**Records for this task**
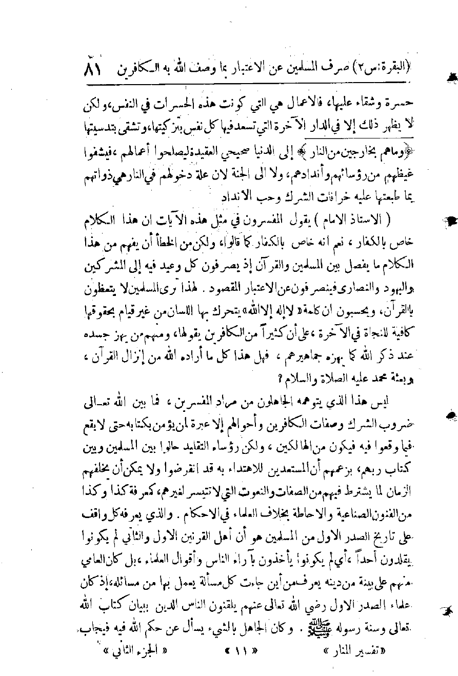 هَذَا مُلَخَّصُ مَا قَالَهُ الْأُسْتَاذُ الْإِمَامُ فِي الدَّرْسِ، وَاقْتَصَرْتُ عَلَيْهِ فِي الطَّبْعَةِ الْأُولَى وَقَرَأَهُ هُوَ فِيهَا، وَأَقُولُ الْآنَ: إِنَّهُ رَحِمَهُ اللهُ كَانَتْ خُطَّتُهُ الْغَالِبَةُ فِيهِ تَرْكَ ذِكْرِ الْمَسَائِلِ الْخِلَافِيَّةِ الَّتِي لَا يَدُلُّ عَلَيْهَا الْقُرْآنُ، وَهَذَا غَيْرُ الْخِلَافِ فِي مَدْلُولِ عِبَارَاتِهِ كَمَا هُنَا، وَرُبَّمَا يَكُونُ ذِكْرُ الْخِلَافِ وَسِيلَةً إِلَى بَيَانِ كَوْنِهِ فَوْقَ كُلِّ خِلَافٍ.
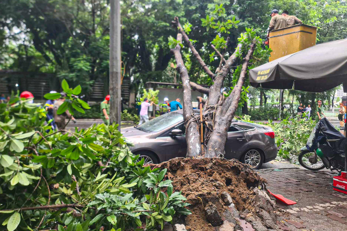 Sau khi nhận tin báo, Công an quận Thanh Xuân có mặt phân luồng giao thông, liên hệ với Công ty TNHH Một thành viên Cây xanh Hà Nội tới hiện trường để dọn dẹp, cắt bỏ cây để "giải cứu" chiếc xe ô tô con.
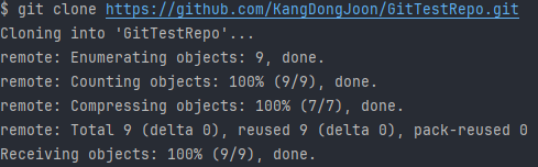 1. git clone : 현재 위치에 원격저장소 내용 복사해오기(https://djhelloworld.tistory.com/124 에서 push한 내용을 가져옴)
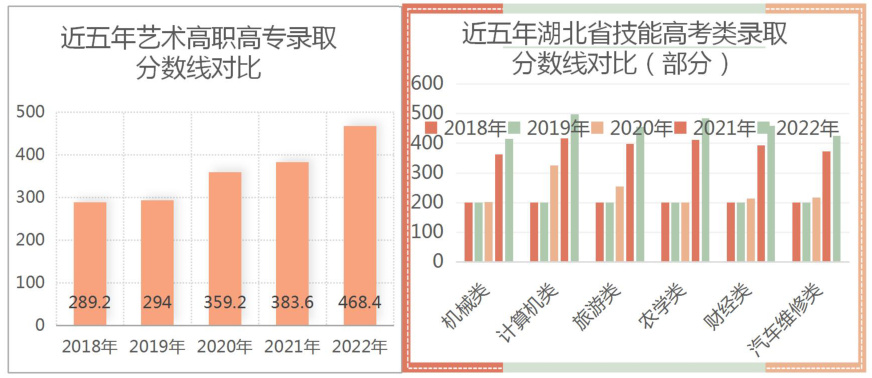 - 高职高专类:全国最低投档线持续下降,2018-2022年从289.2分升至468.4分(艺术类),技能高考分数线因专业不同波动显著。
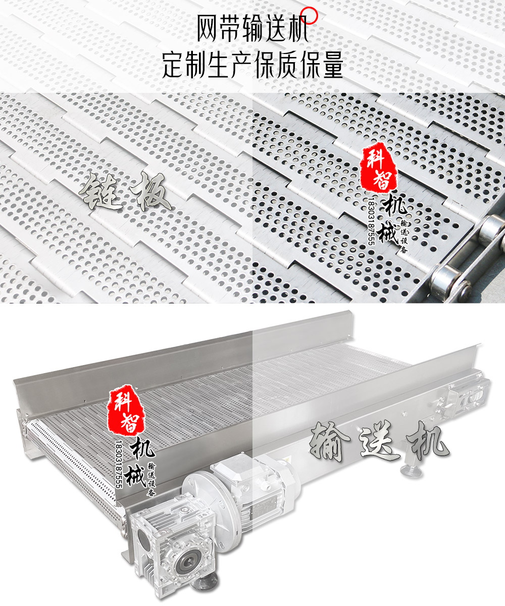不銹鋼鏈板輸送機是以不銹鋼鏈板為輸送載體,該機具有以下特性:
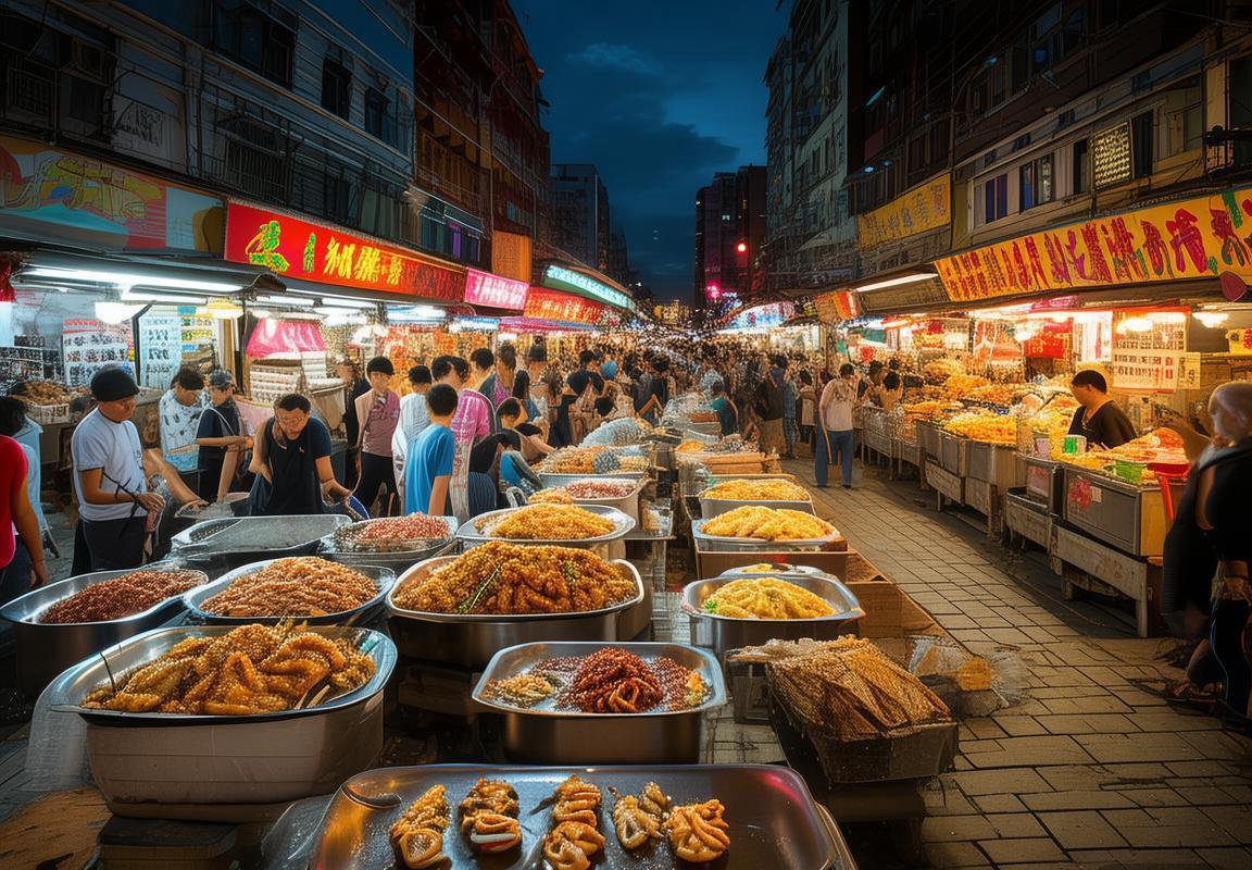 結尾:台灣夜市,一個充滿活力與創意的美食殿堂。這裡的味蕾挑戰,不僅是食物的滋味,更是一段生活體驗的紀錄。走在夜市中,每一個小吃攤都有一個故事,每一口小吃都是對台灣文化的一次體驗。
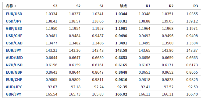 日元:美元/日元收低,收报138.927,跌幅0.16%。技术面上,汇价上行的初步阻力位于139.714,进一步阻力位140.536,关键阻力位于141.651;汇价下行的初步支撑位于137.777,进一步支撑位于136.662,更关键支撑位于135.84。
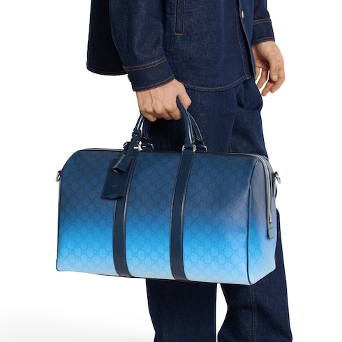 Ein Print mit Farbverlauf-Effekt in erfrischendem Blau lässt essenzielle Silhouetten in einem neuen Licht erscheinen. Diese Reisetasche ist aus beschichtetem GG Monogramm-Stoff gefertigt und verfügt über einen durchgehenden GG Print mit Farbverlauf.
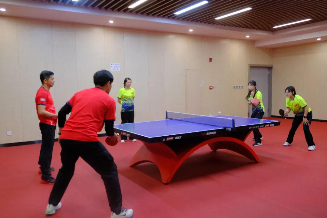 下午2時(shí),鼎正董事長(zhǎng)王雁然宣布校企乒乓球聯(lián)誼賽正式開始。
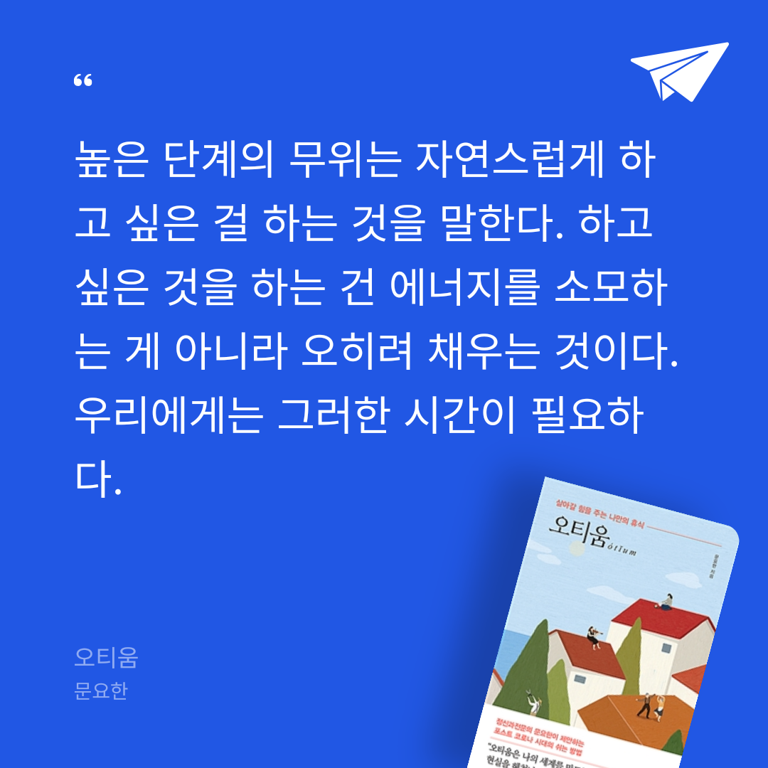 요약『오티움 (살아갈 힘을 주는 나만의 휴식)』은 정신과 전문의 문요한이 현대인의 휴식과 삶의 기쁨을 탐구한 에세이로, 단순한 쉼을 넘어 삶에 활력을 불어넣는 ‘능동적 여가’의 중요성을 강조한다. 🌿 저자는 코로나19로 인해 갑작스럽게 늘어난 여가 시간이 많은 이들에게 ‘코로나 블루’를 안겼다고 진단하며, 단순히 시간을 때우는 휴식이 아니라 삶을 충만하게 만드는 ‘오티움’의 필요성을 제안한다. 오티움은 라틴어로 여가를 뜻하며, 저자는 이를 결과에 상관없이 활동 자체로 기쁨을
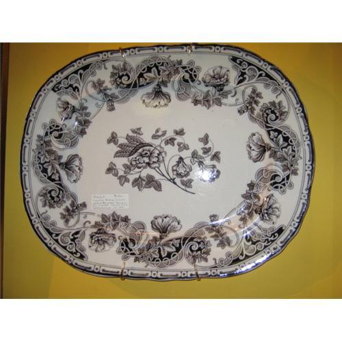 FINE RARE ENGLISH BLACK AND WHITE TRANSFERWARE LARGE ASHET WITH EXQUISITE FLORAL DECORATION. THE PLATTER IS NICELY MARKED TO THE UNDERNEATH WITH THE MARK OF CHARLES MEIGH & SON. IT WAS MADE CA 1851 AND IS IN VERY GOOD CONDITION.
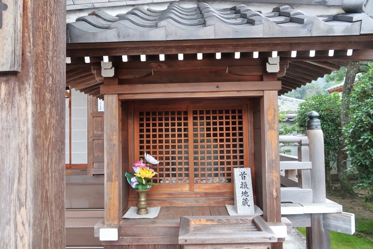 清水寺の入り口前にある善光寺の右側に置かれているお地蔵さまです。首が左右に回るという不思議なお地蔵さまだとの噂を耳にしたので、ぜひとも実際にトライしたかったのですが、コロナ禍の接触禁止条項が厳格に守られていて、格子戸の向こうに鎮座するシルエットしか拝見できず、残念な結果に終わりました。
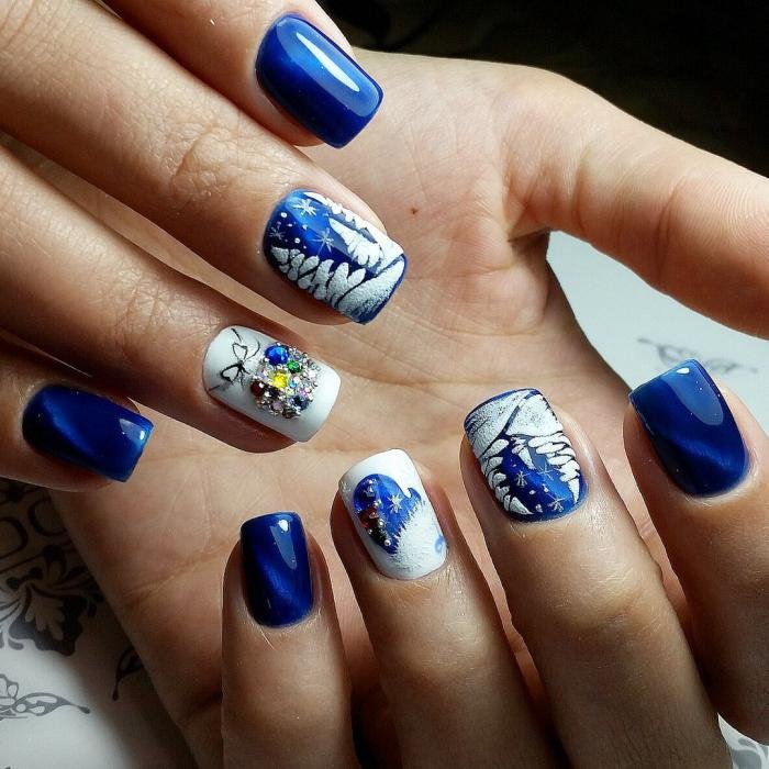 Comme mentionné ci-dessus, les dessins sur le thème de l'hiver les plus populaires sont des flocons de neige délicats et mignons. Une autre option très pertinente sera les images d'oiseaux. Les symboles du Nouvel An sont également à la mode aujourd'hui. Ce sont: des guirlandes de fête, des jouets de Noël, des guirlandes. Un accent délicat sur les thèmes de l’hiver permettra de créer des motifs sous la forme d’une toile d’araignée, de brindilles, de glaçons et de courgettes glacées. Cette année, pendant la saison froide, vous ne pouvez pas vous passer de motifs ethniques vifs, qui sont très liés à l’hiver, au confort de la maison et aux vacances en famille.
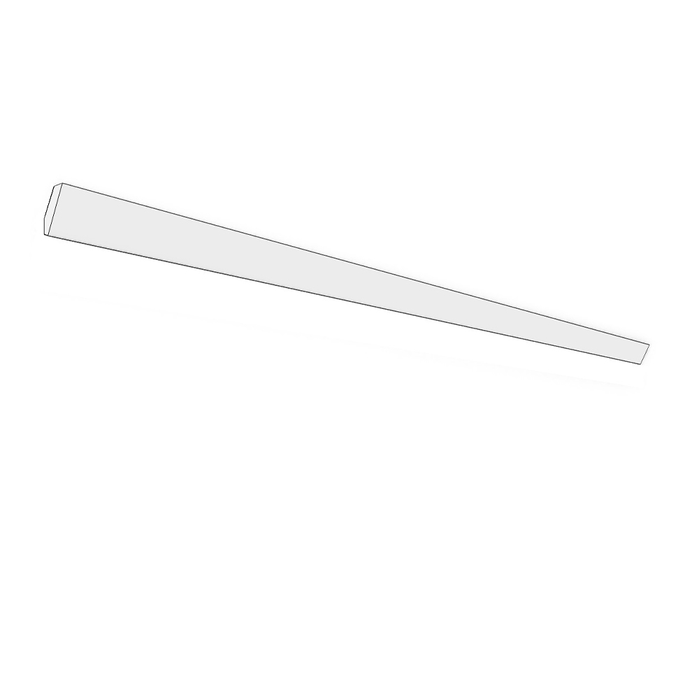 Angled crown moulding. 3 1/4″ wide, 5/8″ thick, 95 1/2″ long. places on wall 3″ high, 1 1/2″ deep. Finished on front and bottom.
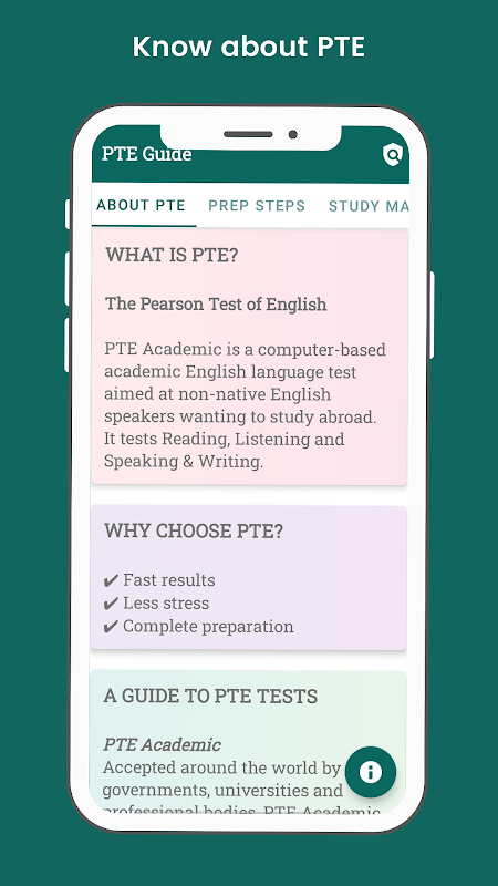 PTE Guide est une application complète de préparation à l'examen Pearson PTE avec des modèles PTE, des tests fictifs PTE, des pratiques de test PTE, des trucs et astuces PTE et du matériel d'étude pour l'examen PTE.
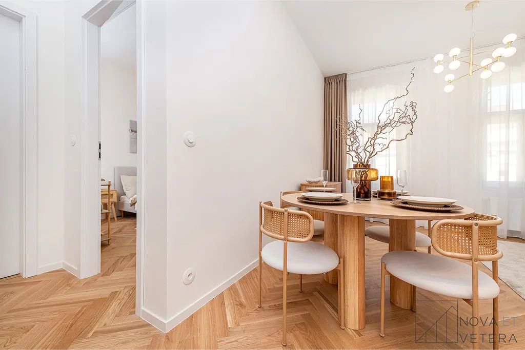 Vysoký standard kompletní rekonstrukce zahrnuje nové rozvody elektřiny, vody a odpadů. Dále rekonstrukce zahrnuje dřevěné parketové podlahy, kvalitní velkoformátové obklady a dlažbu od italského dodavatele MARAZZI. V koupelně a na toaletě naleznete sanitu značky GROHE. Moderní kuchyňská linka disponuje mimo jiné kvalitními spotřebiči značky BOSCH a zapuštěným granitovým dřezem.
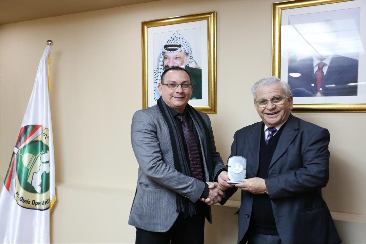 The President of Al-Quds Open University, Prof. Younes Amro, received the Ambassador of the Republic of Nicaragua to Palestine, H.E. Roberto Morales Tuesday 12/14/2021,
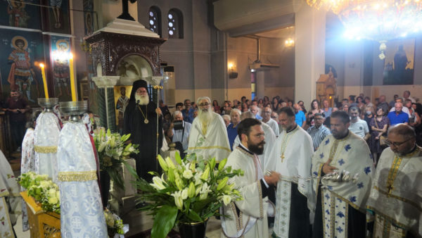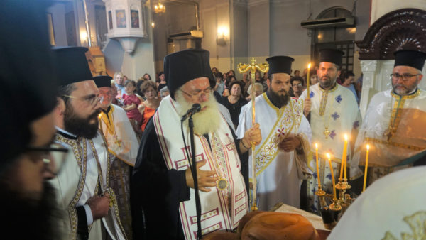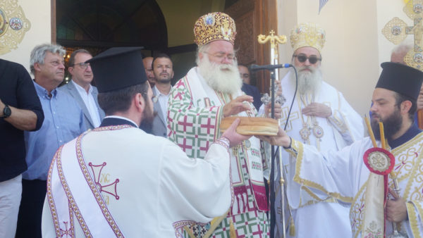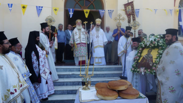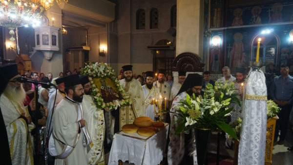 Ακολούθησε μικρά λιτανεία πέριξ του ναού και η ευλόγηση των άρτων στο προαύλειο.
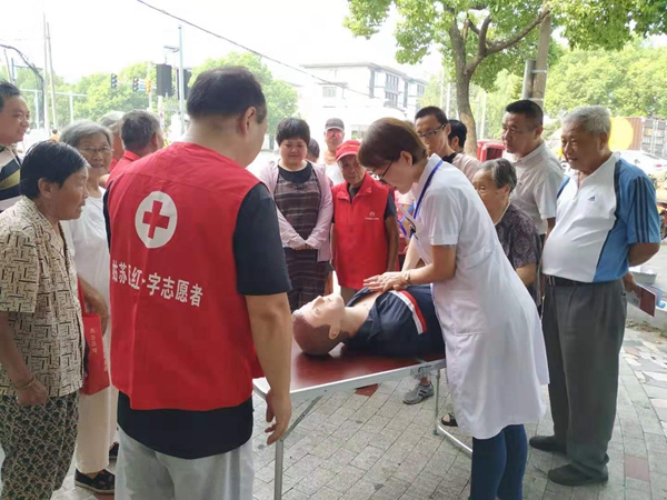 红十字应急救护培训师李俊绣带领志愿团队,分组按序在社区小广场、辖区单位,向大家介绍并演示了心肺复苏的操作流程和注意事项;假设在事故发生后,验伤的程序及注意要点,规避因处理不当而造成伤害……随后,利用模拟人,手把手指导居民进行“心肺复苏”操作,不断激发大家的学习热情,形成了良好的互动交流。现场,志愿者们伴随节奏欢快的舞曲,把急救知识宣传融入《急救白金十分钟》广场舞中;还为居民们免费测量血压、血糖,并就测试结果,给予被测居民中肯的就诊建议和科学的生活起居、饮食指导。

**Required work**
Take the material above and output only the lines from the one that contains "Angled crown moulding." through the one that contains "Vysoký standard kompletní", ends included and images left out.

**Solution to this exercise**
 Angled crown moulding. 3 1/4″ wide, 5/8″ thick, 95 1/2″ long. places on wall 3″ high, 1 1/2″ deep. Finished on front and bottom.
 PTE Guide est une application complète de préparation à l'examen Pearson PTE avec des modèles PTE, des tests fictifs PTE, des pratiques de test PTE, des trucs et astuces PTE et du matériel d'étude pour l'examen PTE.
 Vysoký standard kompletní rekonstrukce zahrnuje nové rozvody elektřiny, vody a odpadů. Dále rekonstrukce zahrnuje dřevěné parketové podlahy, kvalitní velkoformátové obklady a dlažbu od italského dodavatele MARAZZI. V koupelně a na toaletě naleznete sanitu značky GROHE. Moderní kuchyňská linka disponuje mimo jiné kvalitními spotřebiči značky BOSCH a zapuštěným granitovým dřezem.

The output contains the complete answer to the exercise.